Ils auraient mieux fait de ne pas pirater Altran. Une enquête policière française, initiée après une cyberattaque ayant visé en janvier 2019 le géant du conseil en ingénierie et en innovation, vient de déboucher après quatre ans d’enquête sur un coup de filet international en Ukraine contre un gang de rançongiciel.
Cinq personnes, dont un homme de 32 ans suspecté d’être le bras droit de l’organisation cybercriminelle, ont en effet été arrêtées dans le pays de Volodymyr Zelensky par la police locale. Une vingtaine d’enquêteurs venus d’Allemagne, des Etats-Unis, de France et de Norvège étaient également présents en renfort. Soit un “effort sans précédent” dans la lutte contre les attaques par rançongiciel, a salué l’agence de police européenne Europol.
Affaire emblématique
“C’est une affaire emblématique qui montre qu’il n’y a pas d’impunité”, signale également à ZDNET.fr Christophe Durand, le chef du pôle des cyberenquêtes du nouvel office anti-cybercriminalité. “Nous cherchons maintenant à accélérer le rythme de nos enquêtes”, ajoute-t-il.
Ces hommes sont accusés d’avoir participé à des attaques avec les programmes malveillants LockerGoga, MegaCortex, Hive et Dharma contre plus de 250 serveurs dans 71 pays. Ce qui, calcule la police, aurait occasionné des dégâts se montant à plusieurs centaines de millions d’euros.

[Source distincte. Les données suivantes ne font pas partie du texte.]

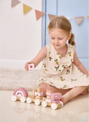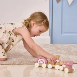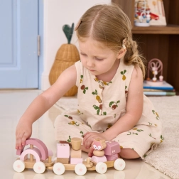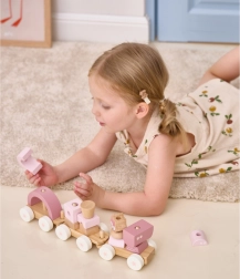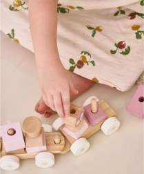 Le train en bois PolarB, dans de tendres tons roses et naturels, offre d’infinies possibilités de jeu. Les enfants peuvent relier les wagons, construire des combinaisons originales de blocs ou jouer séparément avec chaque élément. Les formes pratiques tiennent bien dans les petites mains et stimulent l’adresse ainsi que l’imagination.
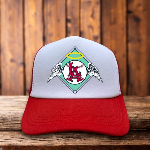 Los Angeles Angels Mens Trucker Hat Red Snapback 1961 Logo Throwback Baseball
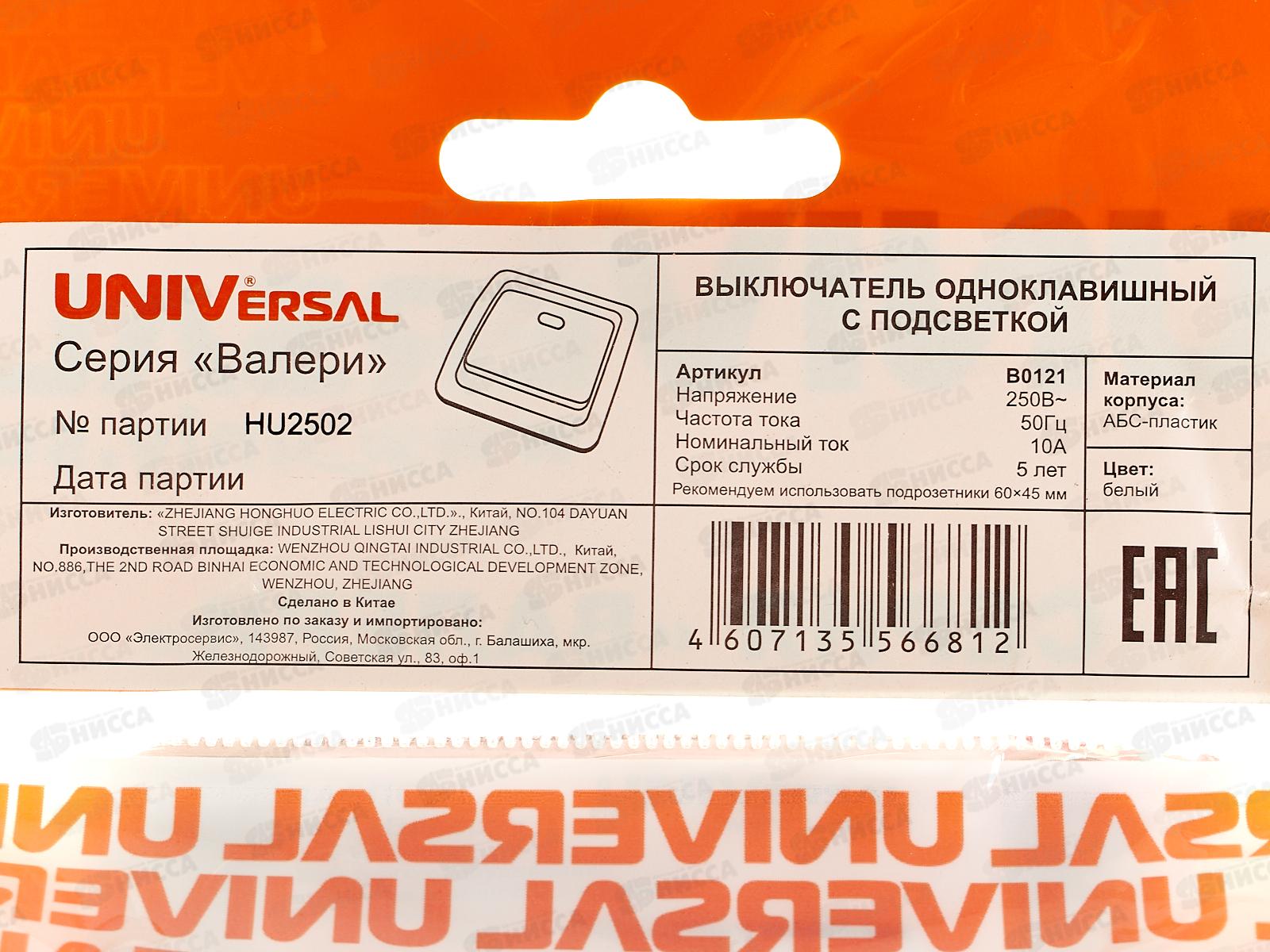 Выключатель Валери 1-клавиша скрытой установки, 10А, 220В, подсветка, белый, В0121*10
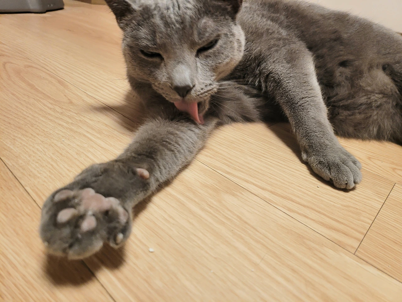 영희 표정을 보면... 왠지 불쾌해 보이는 건 기분 탓인가. 털방향대로 만져도 저러고 다시 핥는다. 다시 보니 좀 헝클어진 것 같기도 하고? 그래도...
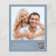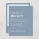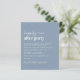 Invitation à la réception de mariage bleu poussiéreux avec "Happily Ever After Party" dans un mélange d'un script blanc contemporain et de lettres blanches modernes et audacieuses, votre invitation et vos noms dans un script signature. Au verso, téléchargez votre photo et entrez l'adresse de votre site Web mariage pour créer un code QR pour que vos invités puissent scanner en ligne vers RSVP et obtenir des détails mariages supplémentaires. Ce papier semi-brillant budgétaire est similaire en poids au papier photo. Une version plus grande de 5x7 traditionnelle carte stock est également disponible (message nous pour le lien).

Au total, 18 personnes âgées d’une vingtaine à une trentaine d’années ont été arrêtées dans ce dossier. Ces arrestations font en effet suite à une première vague d’interpellations, menée en octobre 2021. Treize personnes avaient alors été interpellées en Suisse en Ukraine grâce aux informations obtenues par la police française.
Piste française
Les autorités judiciaires estiment désormais avoir appréhendé une bonne partie du gang, du développeur aux vendeurs d’accès initial, en passant par les blanchisseurs et les hackeurs chargés de déployer les programmes malveillants. Il manque toutefois une arrestation pour boucler l’enquête, celle du chef du gang, identifié mais à la localisation incertaine.

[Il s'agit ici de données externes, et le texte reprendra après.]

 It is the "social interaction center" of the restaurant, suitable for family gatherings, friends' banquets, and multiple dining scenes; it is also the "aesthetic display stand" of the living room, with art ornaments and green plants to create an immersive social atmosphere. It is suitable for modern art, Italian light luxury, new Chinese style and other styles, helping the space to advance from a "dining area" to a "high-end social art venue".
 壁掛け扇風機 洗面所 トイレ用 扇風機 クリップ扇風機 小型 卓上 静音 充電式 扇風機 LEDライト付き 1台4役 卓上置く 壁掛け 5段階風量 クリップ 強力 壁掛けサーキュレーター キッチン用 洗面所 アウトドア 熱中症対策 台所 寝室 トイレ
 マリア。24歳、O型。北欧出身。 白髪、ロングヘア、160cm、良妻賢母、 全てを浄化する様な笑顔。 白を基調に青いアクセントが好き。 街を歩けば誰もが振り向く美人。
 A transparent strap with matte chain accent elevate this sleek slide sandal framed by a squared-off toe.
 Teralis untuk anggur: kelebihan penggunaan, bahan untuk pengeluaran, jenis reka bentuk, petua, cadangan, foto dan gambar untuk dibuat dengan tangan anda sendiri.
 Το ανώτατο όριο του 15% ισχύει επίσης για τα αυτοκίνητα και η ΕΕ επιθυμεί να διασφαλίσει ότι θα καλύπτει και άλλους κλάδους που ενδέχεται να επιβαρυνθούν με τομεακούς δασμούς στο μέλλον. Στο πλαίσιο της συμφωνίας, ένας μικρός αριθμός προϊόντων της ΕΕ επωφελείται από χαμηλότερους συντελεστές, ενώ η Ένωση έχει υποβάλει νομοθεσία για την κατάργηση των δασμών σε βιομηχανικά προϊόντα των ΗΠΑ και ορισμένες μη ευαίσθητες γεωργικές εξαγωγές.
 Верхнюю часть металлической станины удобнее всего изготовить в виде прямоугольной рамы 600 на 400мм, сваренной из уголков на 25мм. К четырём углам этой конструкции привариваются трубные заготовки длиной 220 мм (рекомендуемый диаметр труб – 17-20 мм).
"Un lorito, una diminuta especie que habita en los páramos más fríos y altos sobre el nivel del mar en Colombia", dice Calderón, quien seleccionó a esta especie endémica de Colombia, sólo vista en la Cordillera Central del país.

L’enquête internationale avait été boostée par le travail des policiers de l’Office central de lutte contre la criminalité liée aux technologies de l’information et de la communication (OCLCTIC). Chargés de l’enquête sur le piratage d’Altran, ils avaient retrouvé la trace d’un homme vivant en Suisse, suspecté d’être le développeur du gang.

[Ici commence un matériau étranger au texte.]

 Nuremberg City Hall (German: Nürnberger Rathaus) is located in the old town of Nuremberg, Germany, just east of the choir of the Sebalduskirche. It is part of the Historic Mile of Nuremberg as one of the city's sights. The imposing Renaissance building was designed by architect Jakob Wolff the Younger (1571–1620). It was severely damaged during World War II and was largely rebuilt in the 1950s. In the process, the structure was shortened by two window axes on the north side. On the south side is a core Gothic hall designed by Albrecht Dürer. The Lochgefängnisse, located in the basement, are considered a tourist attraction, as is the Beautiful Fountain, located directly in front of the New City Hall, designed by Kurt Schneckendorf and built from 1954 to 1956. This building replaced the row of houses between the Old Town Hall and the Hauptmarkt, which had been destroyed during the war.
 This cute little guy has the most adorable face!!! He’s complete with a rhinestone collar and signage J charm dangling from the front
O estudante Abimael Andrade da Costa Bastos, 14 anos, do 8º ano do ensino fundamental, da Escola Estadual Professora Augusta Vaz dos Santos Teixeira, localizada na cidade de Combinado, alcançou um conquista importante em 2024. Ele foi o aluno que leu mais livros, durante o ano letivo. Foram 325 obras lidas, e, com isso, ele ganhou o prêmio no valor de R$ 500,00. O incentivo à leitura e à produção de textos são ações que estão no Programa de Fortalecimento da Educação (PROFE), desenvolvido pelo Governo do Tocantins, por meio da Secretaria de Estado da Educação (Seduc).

Si l’Hexagone a demandé son extradition, la justice suisse enquête également sur d’autres piratages pouvant lui être reprochés. Cette arrestation avait toutefois permis la publication d’un déchiffreur du rançongiciel LockerGoga l’an dernier, comme l’avait expliqué ZDNET.fr. Un outil présentant un intérêt relatif, plusieurs années après ces attaques par rançongiciel, même s’il prouve qu’il est possible d’espérer un happy end en matière de ransomware.
Serveur en France
Les policiers français avaient d’abord réussi à identifier un serveur de commande et de contrôle situé en France, loué à des tiers par un ressortissant ukrainien. Avant de suivre les traces des paiements de rançons pour remonter la piste des hackeurs malveillants. Selon L’Express, Altran, racheté depuis par l’entreprise de services numériques Capgemini, avait payé 300 bitcoins (alors un million d’euros environ) pour essayer de limiter la casse, sans toutefois réussir à obtenir une clé de déchiffrement des cybercriminels.
Les policiers français avaient également réussi à cartographier l’infrastructure criminelle, basée notamment sur l’utilisation du cheval de Troie Trickbot et des outils de test d’intrusion Cobalt Strike.
Les cybercriminels sont également soupçonnés d’avoir utilisé le programme Empire, une boîte à outils de sécurité offensive basée sur PowerShell. Leurs piratages reposaient, précise Europol, sur un mix d’attaques par force brute, d’injections SQL et de messages de hameçonnage destinés à voler des informations d’identification.